I bought a new shirt this week. I loved the way it made me feel in the dressing room. I love the style of the shirt. I love the material. As I stood there in the dressing room I felt cute. Maybe even a little sleek. In a word I felt fabulous. I bought it.
Later I was wearing this same shirt and caught a glimpse of myself in some full length doors, and it happened. I had a bit of a panic when I saw that maybe this shirt wasn't the most flattering for my specific body type. A little self-doubt crept in. Maybe I had no business wearing such a shirt.
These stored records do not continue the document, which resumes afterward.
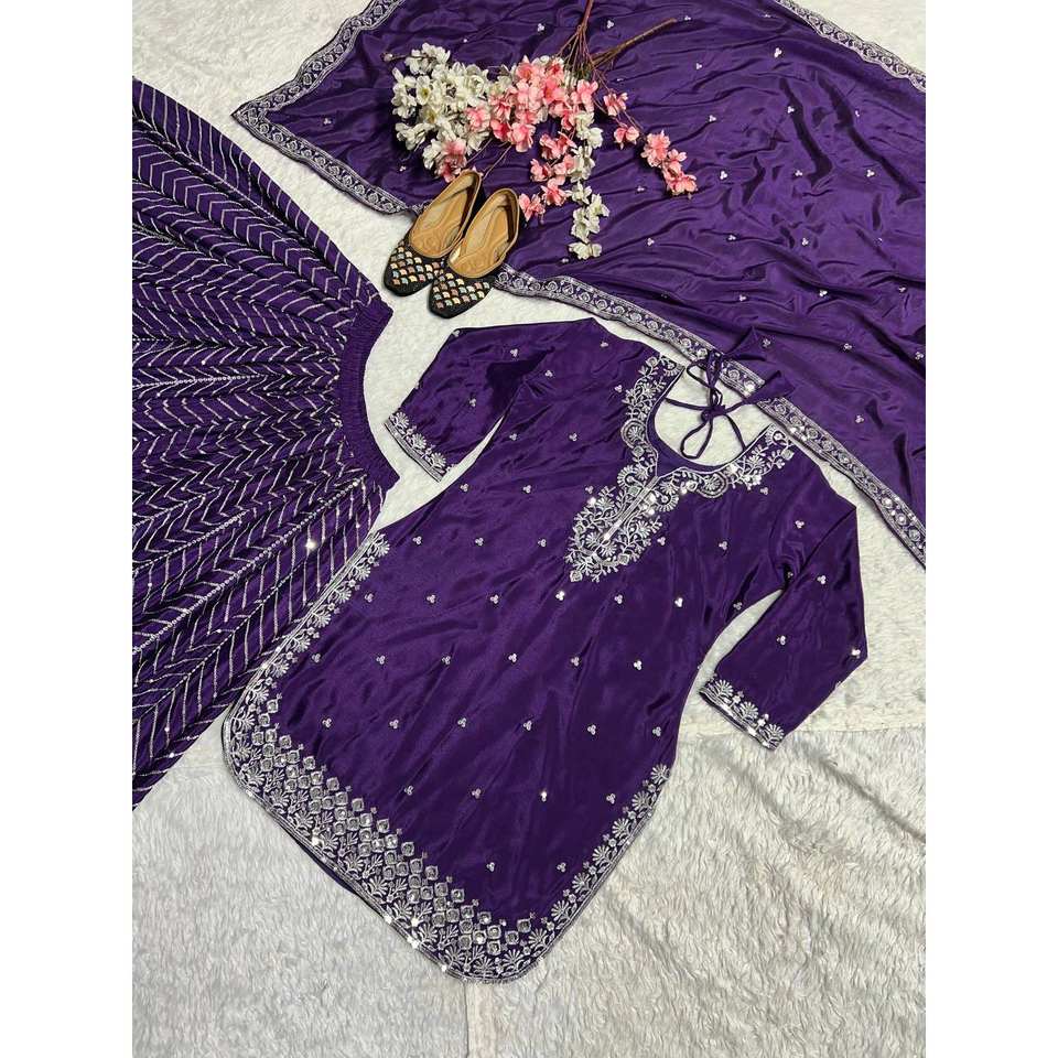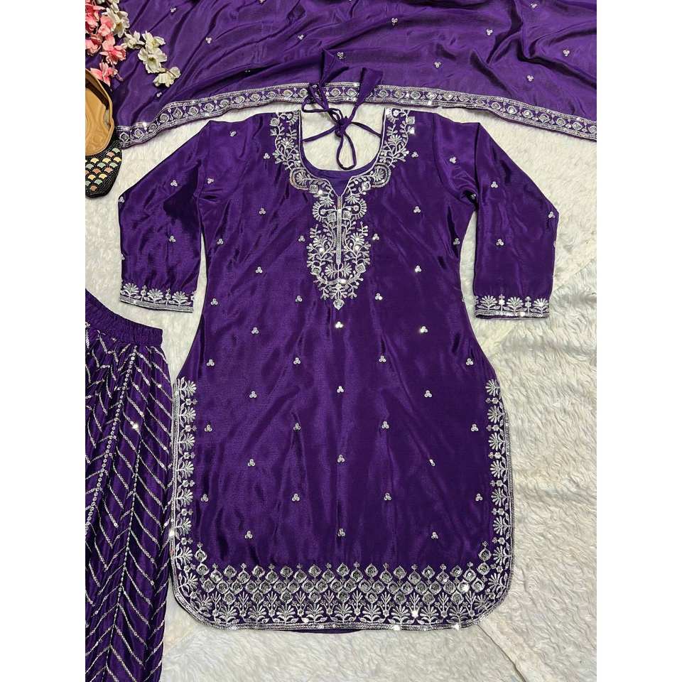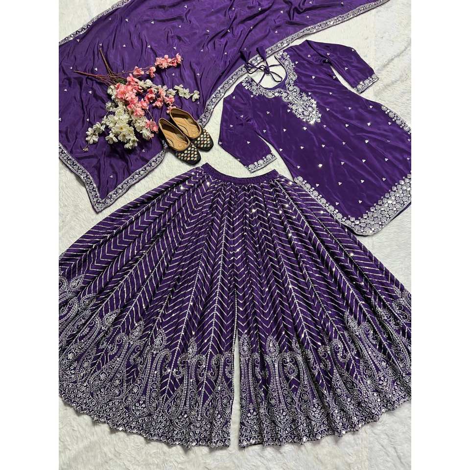 ชุดเสื้อผ้าผู้หญิง Maruti สีม่วงสวยงามสำหรับงานปาร์ตี้ ประกอบด้วยเสื้อ แพลลาซโซ และผ้าคลุมไหล่ พร้อมงานปัก ขนาด L น้ำหนัก 900 กรัม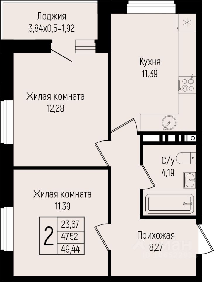 Продается 2-комнатная квартира площадью 49,44 кв.м. на 6 этаже в новом современном клубном квартале от строительной компании "КОНТИНЕНТ ГРУПП".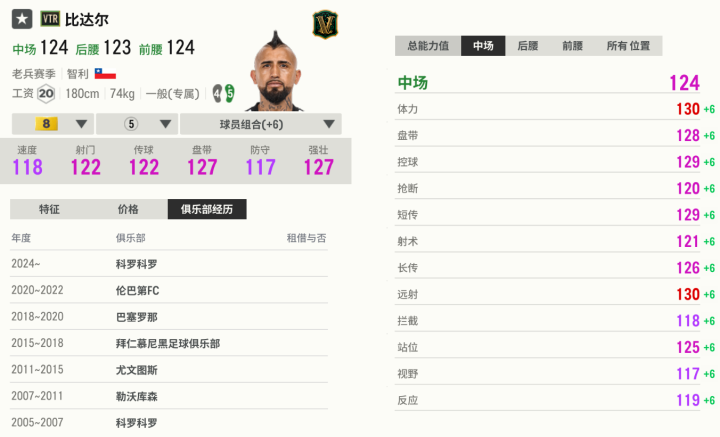 今天最后要介绍的也是位全能中场,来自智利的老将比达尔。他的球风硬、跑动范围大,是个中场的“扫荡”怪兽。比达尔手感极佳,带球或者控制他防守都能灵活完成动作,没有拖沓感。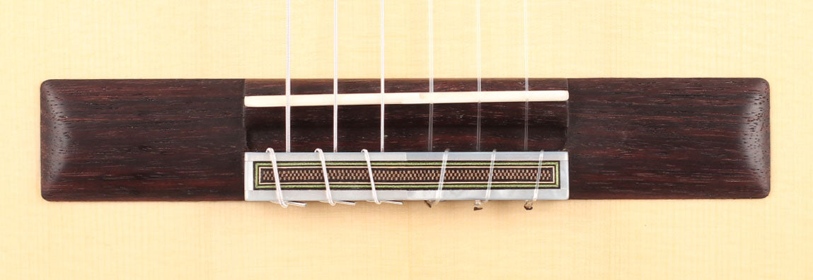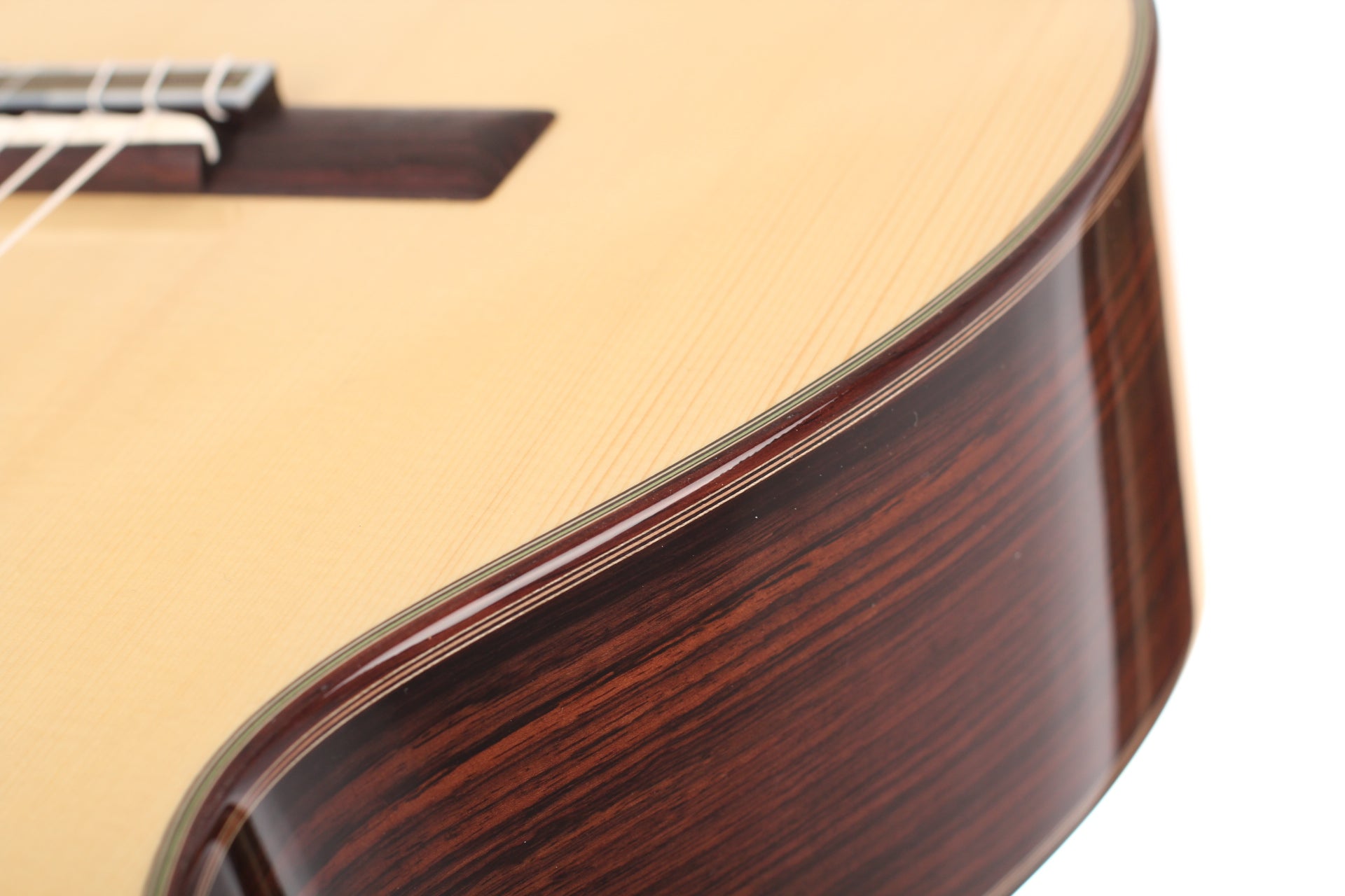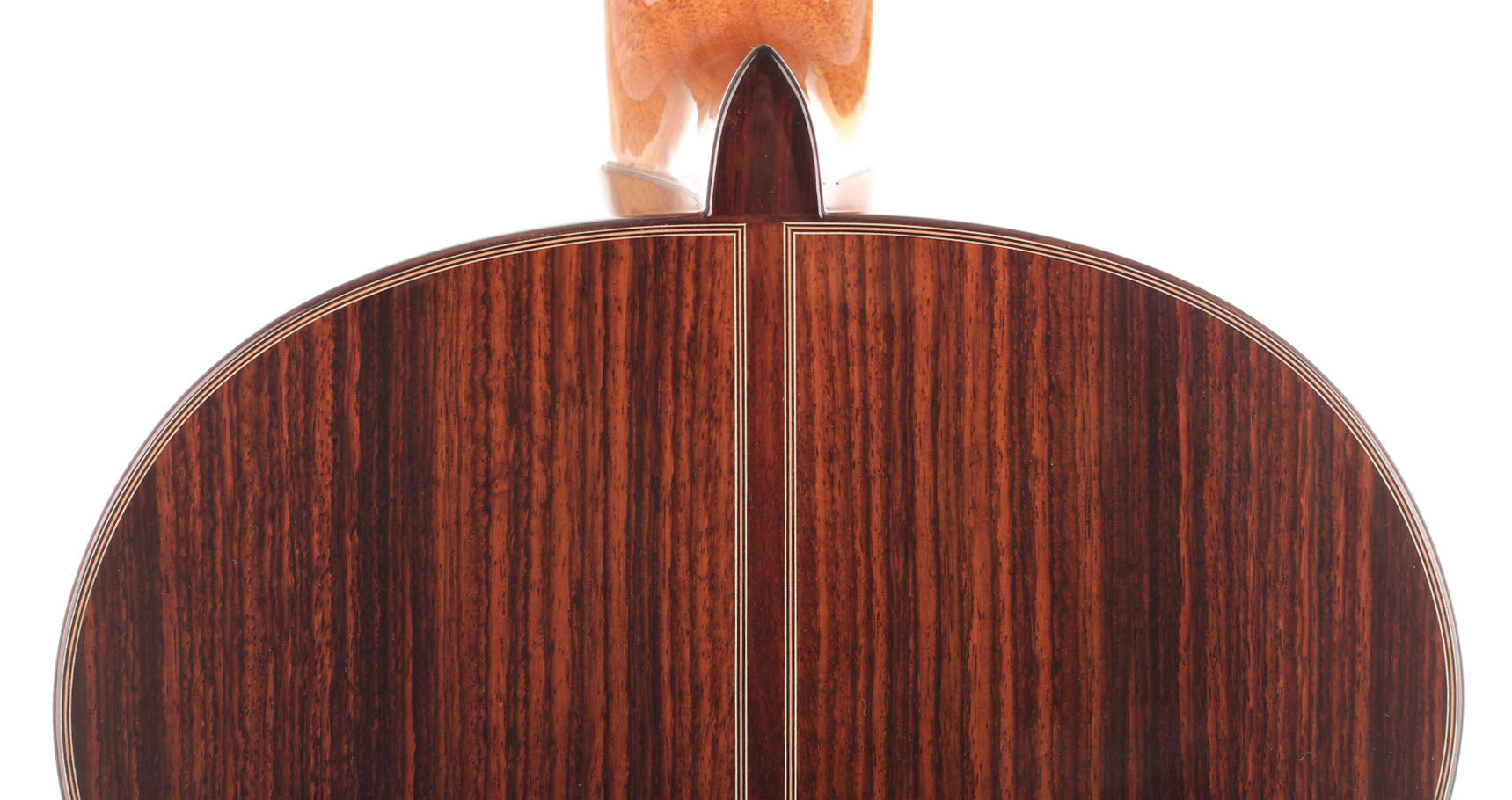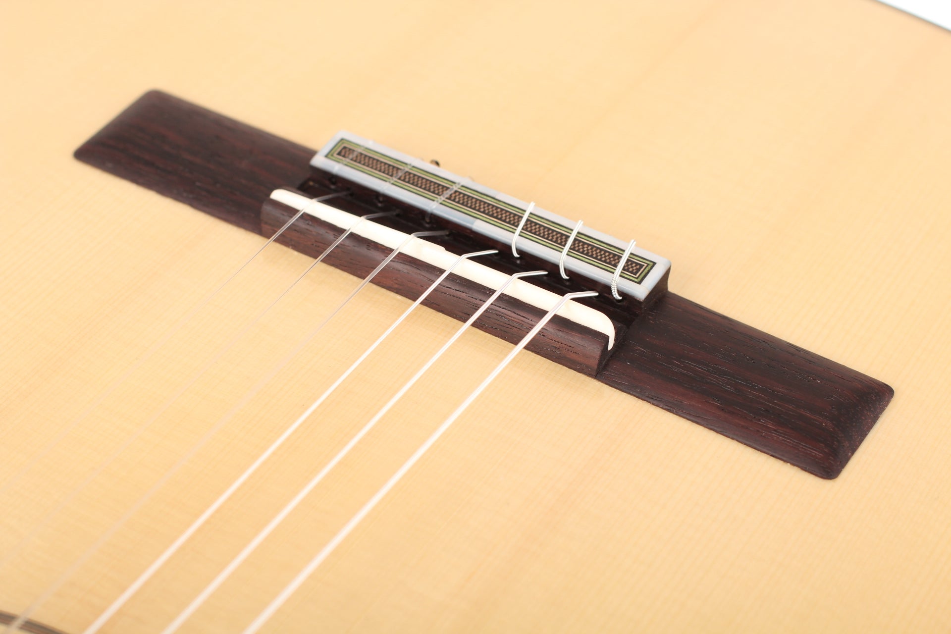 Diese edle Gitarre von Roy Fankhänel wurde Anfang Januar 2016 von Roy Fankhänel fertiggestellt. Dekorative Elemente, wie Rosette und das Binding, wurden von Roy Fankhänel entworfen und in Handarbeit gefertigt. Sie geben dem Instrument eine traditionelle und zugleich moderne Optik. Perfekt in das Gesamtbild fügt sich der Steg mit 12-Loch-Bohrung ein, welcher zusätzlich durch eine schöne Perlmutterumrandung am Knüpfblock verziert. Auffällig sind auch die Ränder aus Ovangkol, die den edlen Charakter der Gitarre unterstreichen. Das Innenleben (Klötzchen und Bodenleisten) besteht außer auf der Decke komplett aus Mahagoni. Die Deckenbeleistung besteht aus Fichte. Die Mechaniken sind von Rubner.

As I thought about it later I decided that I was being ridiculous. Didn't the shirt make me feel fabulous? Then if I felt fabulous in the shirt I must be fabulous. Think about it. If you see someone wearing something that obviously makes them feel good don't you think they exude confidence? I think they do. They do, indeed, look amazing. Their self-confidence is evident, and beautiful.
We do this a lot. At least I do. I can wake up one morning, look in the mirror, and think, "not bad," or even, "looking good." But then instead of letting myself feel fantastic I go jump on my scale. What could have been a wonderful day where I felt great about myself gets destroyed by my needing some outside validation. And here's the thing, the numbers on the scale are actually getting smaller, but it is very slow and sustained (you know, the healthy way to lose weight), but because the scale doesn't show a significant drop off I start to feel down. And frankly it can be triggering for me. As soon as I step on the scale I start wondering if I should indeed go on another diet. Maybe the newest fad would work for me. Or maybe I should start working out long hours during the day.
By the end of the day I have usually talked myself out of these things with the realization that I am so much happier when I eat intuitively. I feel good about myself when I move my body in ways that I enjoy; rather than punishing myself on a treadmill. No, it's not worth it. But I sometimes waste a whole day reminding myself.
So I have made a decision (I think). I think it's time to throw the scale out. I mean all the way out. I want to do it. But I'm still a little chicken. Then I remember that the next time my husband pays me a compliment I want to just feel great for the day. I don't want to use it as an excuse to step on the scale just to see if what he says is reflected in numbers. Yes, I think it's time for the scale to go. And I think it's time for me to only wear what makes me feel great as opposed to what I'm "supposed" to wear for my body type. Because there is no reason I can't feel fabulous every single day. You on board?